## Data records
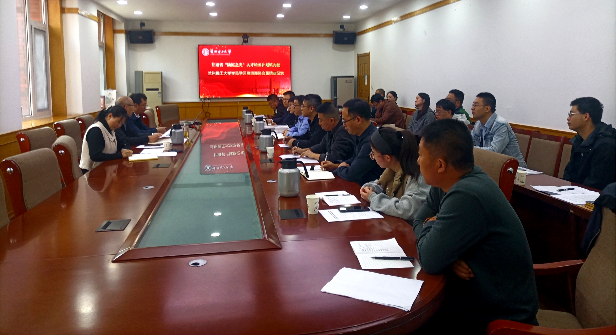11月1日上午,学校在行政楼二楼举办甘肃省“陇原之光”人才培养计划第九批学员学习总结座谈会暨结业仪式,听取学员学习成果汇报,总结人才培养成效。党委教师工作部、人事处有关负责同志和我校接收培养的第九批13名学员、第十批10名学员参加了结业仪式。
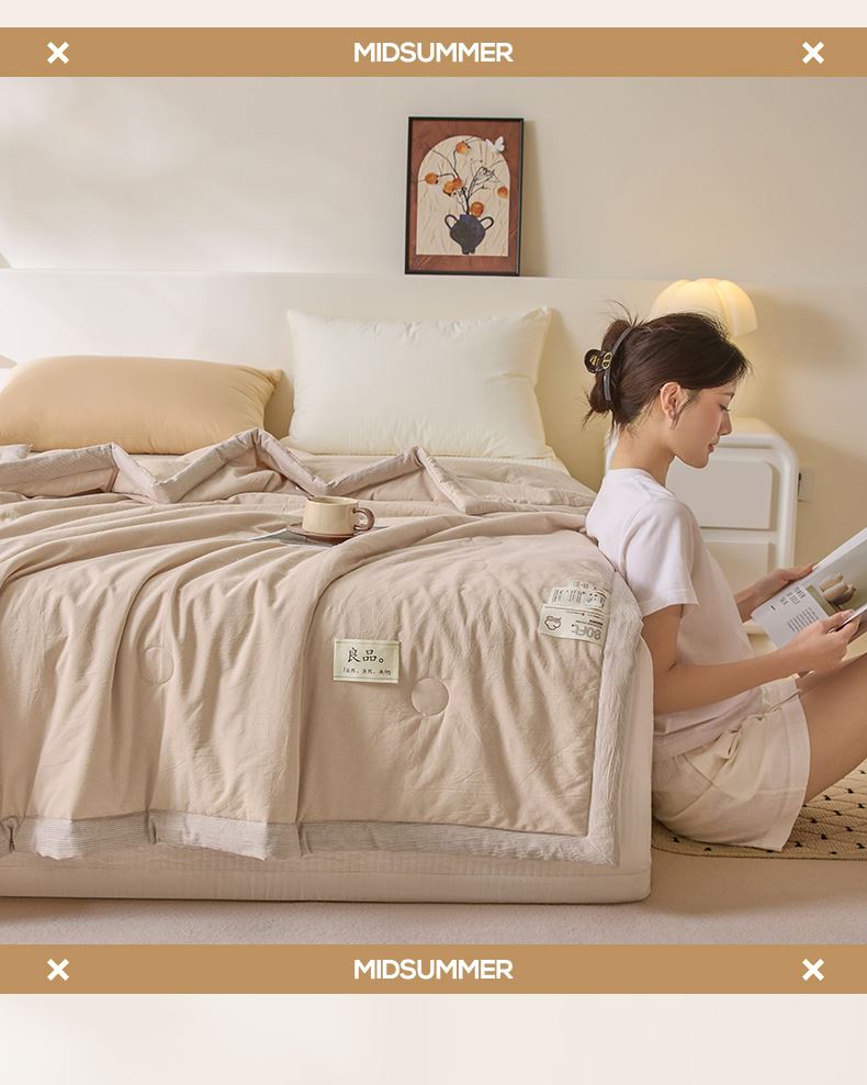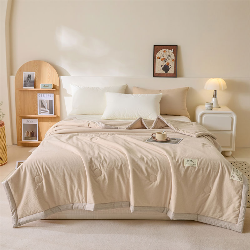 百丽安娜纯色无印风亲肤大豆夏被-卡其
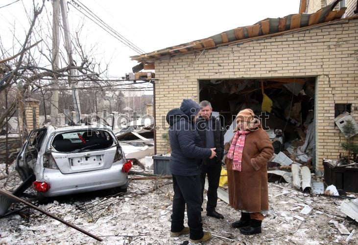 Мешканці у дворі одного з постраждалих сусідніх будинків після ракетної атаки, в с. Софіївська Борщагівка (Бучанський район Київської області), 22 лютого 2026 р. У ніч на 22 лютого російські війська здійснили чергову масовану комбіновану атаку на Україну. Унаслідок російської атаки зафіксовано руйнування та пожежі в Обухівському, Броварському, Бориспільському, Бучанському та Фастівському районах області. Пошкоджень зазнали житлові будинки на Софіївській Борщагівці.
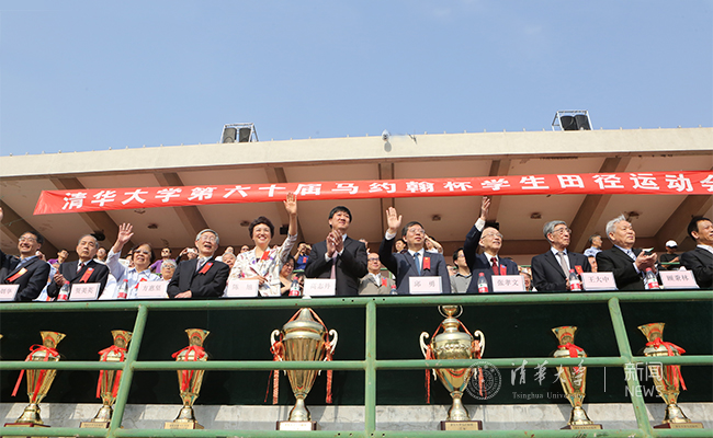 清华新闻网4月30日电(记者 程 曦 学生记者 郭雪岩 田姬熔  摄影记者 苑洁 贺施政)4月30日上午,明媚春光映衬着校庆日里一张张灿烂的笑脸,第60届“马约翰杯”学生田径运动会开幕式在东大操场隆重举行。适逢“为祖国健康工作50年”口号提出60周年,为这届“马约翰杯”增添了“双60”的美好寓意和喜庆色彩。
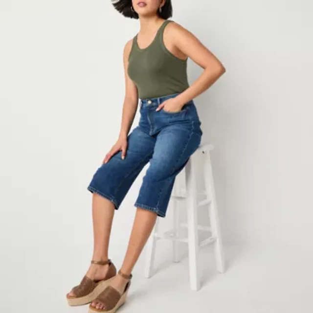 a.n.a Womens High Rise Relaxed Fit Denim Cropped Pant
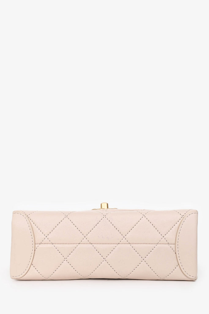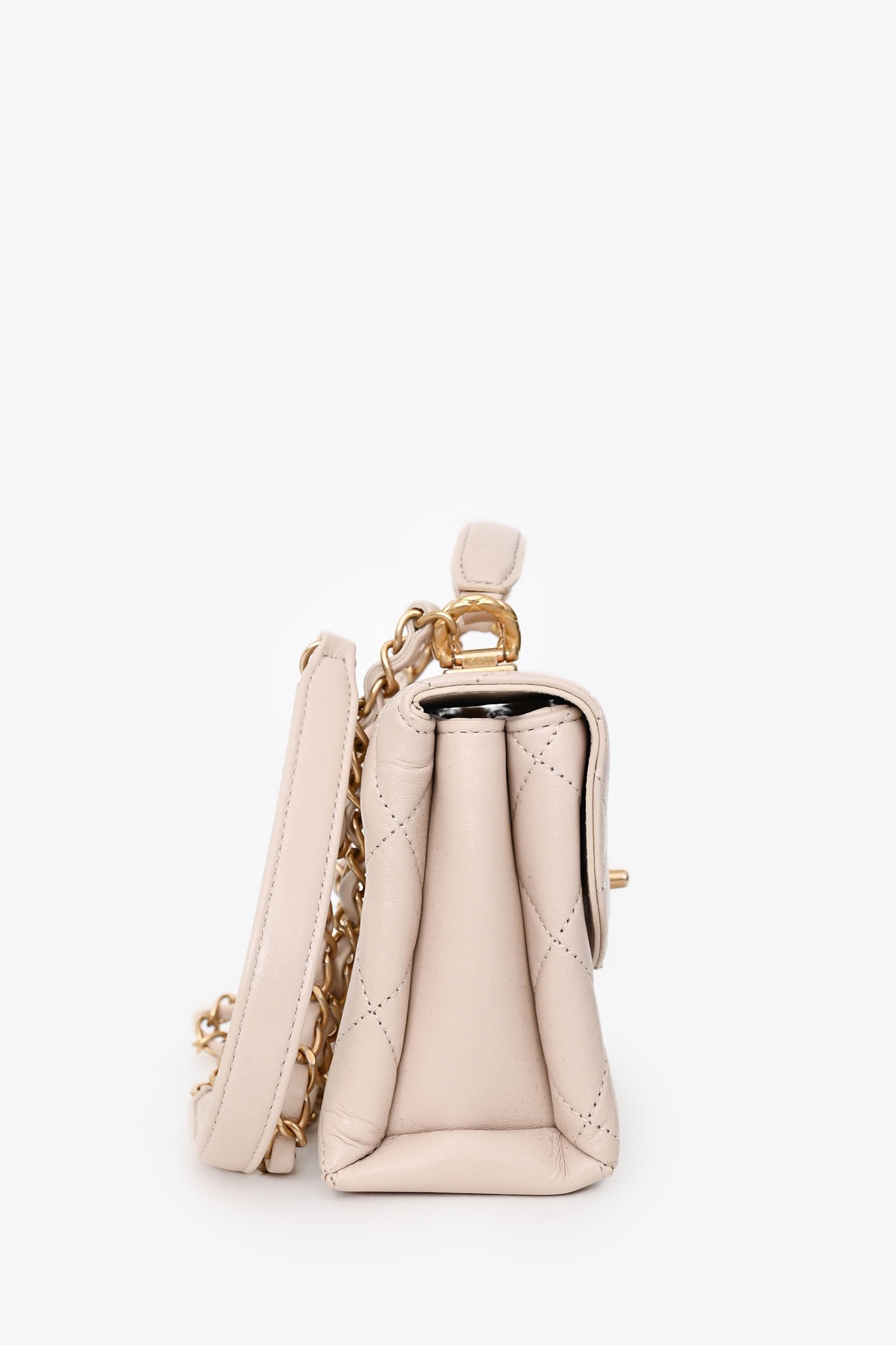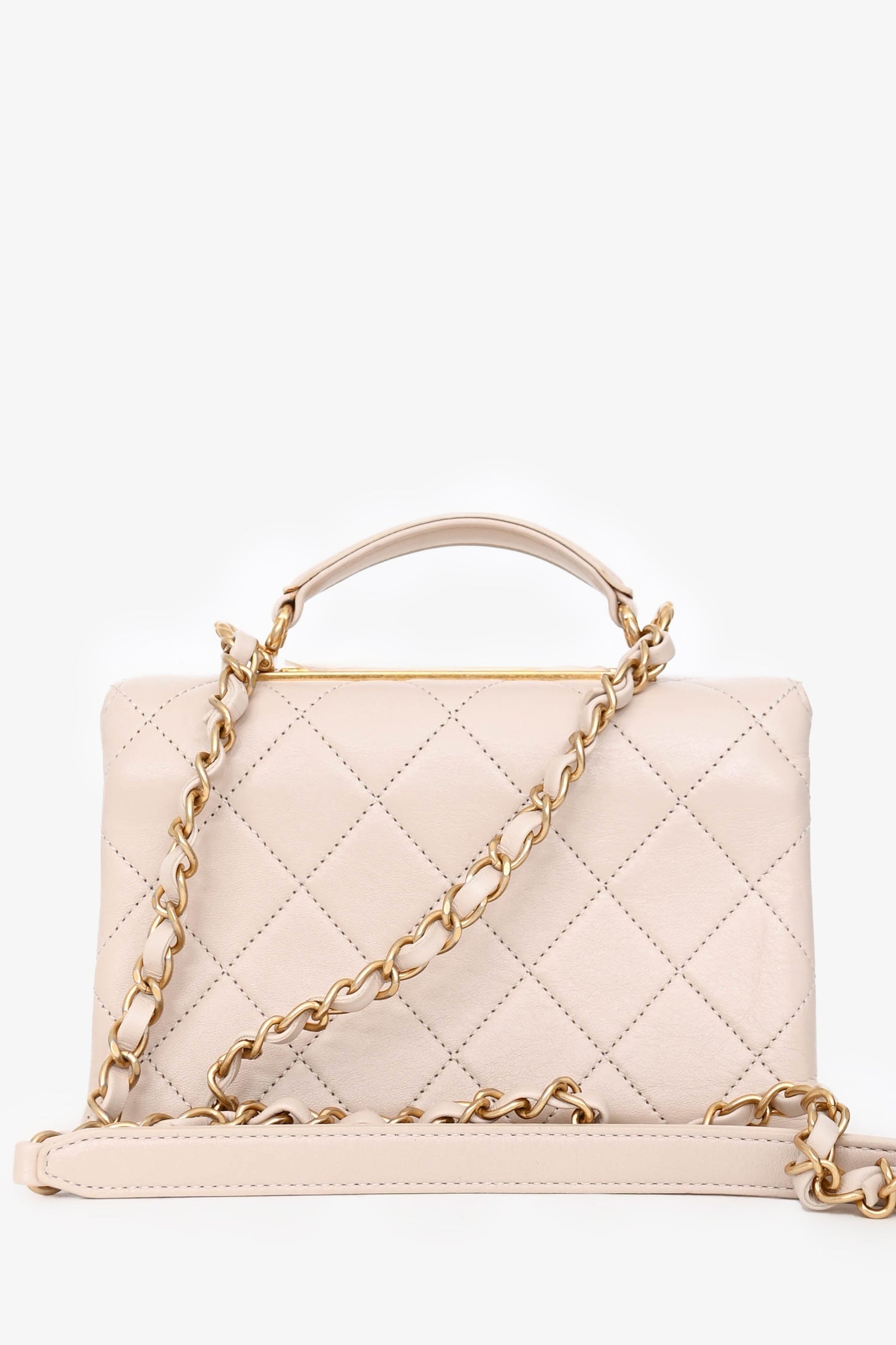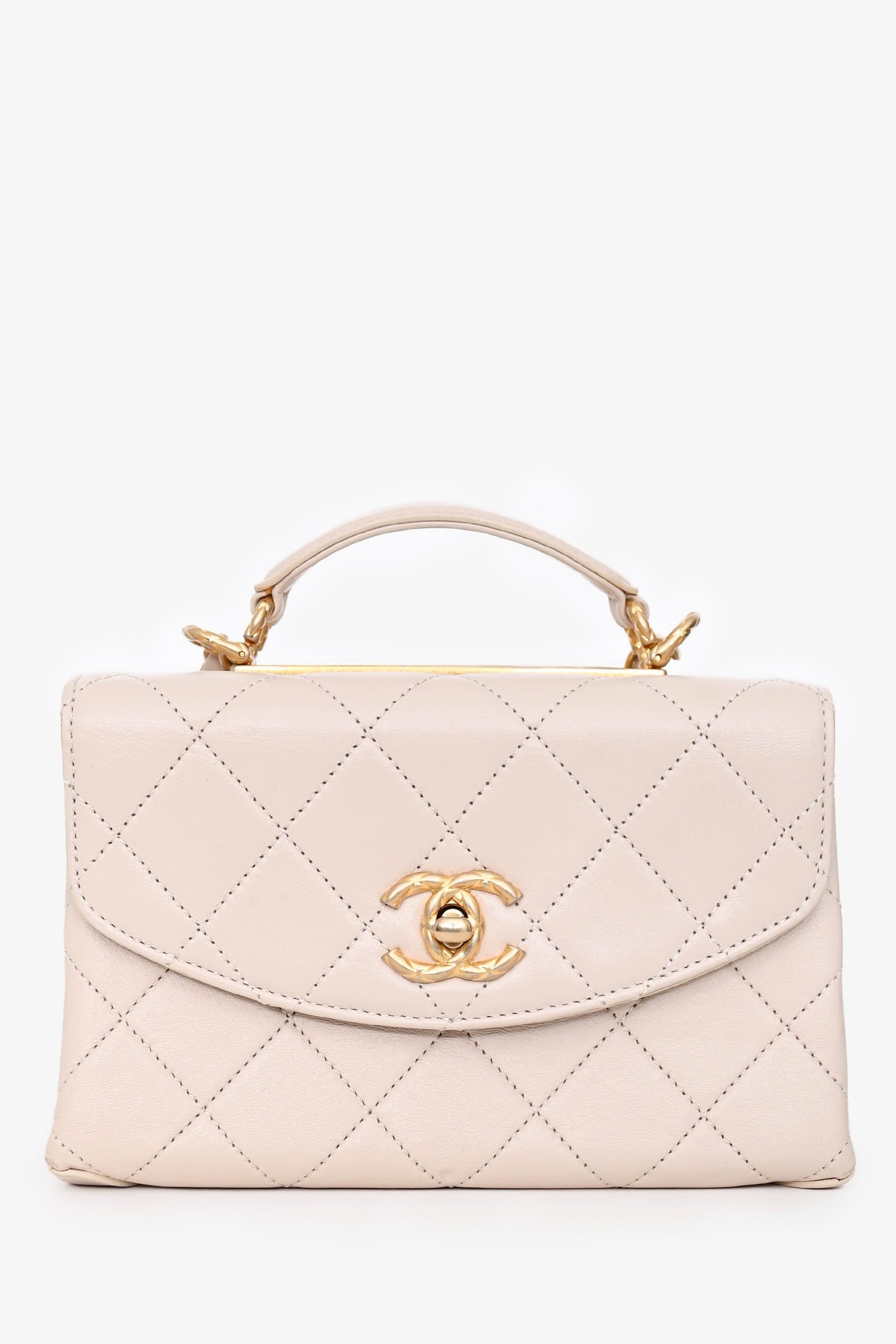 Pre-Loved Chanel™ 2020 Beige Lambskin Mini Top Handle Bag with Quilted Gold Hardware

## Task goal
Any picture found in the data is to be skipped while the rest is copied exactly.

## Solution to the exercise
11月1日上午,学校在行政楼二楼举办甘肃省“陇原之光”人才培养计划第九批学员学习总结座谈会暨结业仪式,听取学员学习成果汇报,总结人才培养成效。党委教师工作部、人事处有关负责同志和我校接收培养的第九批13名学员、第十批10名学员参加了结业仪式。
 百丽安娜纯色无印风亲肤大豆夏被-卡其
 Мешканці у дворі одного з постраждалих сусідніх будинків після ракетної атаки, в с. Софіївська Борщагівка (Бучанський район Київської області), 22 лютого 2026 р. У ніч на 22 лютого російські війська здійснили чергову масовану комбіновану атаку на Україну. Унаслідок російської атаки зафіксовано руйнування та пожежі в Обухівському, Броварському, Бориспільському, Бучанському та Фастівському районах області. Пошкоджень зазнали житлові будинки на Софіївській Борщагівці.
 清华新闻网4月30日电(记者 程 曦 学生记者 郭雪岩 田姬熔  摄影记者 苑洁 贺施政)4月30日上午,明媚春光映衬着校庆日里一张张灿烂的笑脸,第60届“马约翰杯”学生田径运动会开幕式在东大操场隆重举行。适逢“为祖国健康工作50年”口号提出60周年,为这届“马约翰杯”增添了“双60”的美好寓意和喜庆色彩。
 a.n.a Womens High Rise Relaxed Fit Denim Cropped Pant
 Pre-Loved Chanel™ 2020 Beige Lambskin Mini Top Handle Bag with Quilted Gold Hardware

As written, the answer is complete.